■ **TO DO**: Work out how many lines of the material below contain the word "sebelum", then write that number alone.

■ **GIVEN RECORDS**:
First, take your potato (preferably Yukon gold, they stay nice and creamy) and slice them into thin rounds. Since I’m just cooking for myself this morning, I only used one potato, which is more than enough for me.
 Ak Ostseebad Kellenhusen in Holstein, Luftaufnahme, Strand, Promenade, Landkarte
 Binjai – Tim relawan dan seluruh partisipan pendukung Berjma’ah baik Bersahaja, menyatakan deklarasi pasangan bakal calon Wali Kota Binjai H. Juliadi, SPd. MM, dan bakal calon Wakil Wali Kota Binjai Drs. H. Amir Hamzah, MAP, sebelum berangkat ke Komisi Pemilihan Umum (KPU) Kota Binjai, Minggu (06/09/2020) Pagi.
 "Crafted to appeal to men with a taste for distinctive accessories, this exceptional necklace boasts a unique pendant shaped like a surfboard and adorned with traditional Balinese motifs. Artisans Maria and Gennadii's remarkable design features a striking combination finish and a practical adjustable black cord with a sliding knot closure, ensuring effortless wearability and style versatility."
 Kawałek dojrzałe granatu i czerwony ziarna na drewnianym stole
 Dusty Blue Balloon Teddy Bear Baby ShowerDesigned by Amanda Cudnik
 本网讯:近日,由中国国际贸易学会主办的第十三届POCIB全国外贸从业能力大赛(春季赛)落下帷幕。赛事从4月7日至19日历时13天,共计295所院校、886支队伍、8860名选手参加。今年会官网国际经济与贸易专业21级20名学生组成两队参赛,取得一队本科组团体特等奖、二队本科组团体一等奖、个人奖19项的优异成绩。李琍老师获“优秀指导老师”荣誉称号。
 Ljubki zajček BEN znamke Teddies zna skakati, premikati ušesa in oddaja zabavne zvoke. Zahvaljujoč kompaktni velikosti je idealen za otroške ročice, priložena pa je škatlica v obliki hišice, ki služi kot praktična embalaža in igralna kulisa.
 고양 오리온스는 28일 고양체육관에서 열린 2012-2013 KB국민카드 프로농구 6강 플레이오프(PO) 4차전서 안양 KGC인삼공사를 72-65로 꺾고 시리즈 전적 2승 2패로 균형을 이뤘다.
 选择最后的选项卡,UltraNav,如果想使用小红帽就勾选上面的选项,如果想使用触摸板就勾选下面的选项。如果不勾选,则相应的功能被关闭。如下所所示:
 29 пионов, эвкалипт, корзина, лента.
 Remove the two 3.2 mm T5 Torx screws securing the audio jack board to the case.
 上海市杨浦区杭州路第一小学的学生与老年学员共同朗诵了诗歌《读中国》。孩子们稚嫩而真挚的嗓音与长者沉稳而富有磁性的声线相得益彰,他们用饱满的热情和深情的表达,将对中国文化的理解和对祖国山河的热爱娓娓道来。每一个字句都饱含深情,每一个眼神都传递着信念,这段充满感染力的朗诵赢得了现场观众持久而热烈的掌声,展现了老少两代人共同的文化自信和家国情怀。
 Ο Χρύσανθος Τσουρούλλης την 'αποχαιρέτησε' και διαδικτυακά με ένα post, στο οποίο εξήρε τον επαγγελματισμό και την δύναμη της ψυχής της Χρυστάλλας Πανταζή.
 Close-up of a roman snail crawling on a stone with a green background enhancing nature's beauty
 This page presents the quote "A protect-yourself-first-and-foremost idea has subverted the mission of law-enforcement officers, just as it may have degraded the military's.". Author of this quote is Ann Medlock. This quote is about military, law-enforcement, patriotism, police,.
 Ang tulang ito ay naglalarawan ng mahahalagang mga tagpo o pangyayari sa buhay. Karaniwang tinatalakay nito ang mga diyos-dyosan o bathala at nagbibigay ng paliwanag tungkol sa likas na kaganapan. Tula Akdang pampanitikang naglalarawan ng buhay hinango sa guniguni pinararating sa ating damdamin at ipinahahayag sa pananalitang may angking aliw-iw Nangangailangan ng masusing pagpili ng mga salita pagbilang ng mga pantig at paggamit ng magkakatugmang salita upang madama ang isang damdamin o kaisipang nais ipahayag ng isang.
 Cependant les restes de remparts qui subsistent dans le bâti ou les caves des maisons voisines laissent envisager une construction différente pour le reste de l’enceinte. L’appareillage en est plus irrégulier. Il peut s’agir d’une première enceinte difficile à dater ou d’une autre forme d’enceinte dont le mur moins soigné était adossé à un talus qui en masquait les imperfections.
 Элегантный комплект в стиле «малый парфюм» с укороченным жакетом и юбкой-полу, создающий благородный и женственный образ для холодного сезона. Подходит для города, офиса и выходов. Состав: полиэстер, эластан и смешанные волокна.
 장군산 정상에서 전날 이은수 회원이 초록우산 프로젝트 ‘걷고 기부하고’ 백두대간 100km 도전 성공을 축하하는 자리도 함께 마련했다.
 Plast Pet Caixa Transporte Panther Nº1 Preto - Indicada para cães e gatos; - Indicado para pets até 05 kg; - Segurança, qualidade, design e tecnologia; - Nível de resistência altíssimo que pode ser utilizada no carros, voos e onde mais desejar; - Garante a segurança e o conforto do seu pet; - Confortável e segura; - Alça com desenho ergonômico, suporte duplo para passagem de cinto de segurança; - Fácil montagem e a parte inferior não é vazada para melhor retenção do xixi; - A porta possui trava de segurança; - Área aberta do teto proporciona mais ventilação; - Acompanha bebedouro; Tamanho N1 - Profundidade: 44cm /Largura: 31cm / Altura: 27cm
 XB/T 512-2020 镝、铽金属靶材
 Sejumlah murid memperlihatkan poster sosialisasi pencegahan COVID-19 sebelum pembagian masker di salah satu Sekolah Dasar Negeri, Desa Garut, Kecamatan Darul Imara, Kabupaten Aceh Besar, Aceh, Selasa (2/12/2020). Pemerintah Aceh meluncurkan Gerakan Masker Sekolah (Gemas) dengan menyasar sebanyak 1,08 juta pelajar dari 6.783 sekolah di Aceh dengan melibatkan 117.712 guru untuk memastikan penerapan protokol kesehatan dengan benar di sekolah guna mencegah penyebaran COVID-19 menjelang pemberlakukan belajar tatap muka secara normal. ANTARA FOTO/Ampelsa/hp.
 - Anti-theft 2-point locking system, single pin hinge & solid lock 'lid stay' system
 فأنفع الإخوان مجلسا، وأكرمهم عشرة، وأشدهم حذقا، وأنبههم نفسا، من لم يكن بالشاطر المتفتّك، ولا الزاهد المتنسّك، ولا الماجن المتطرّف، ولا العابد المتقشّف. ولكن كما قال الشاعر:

■ **RESPONSE BOX**: 2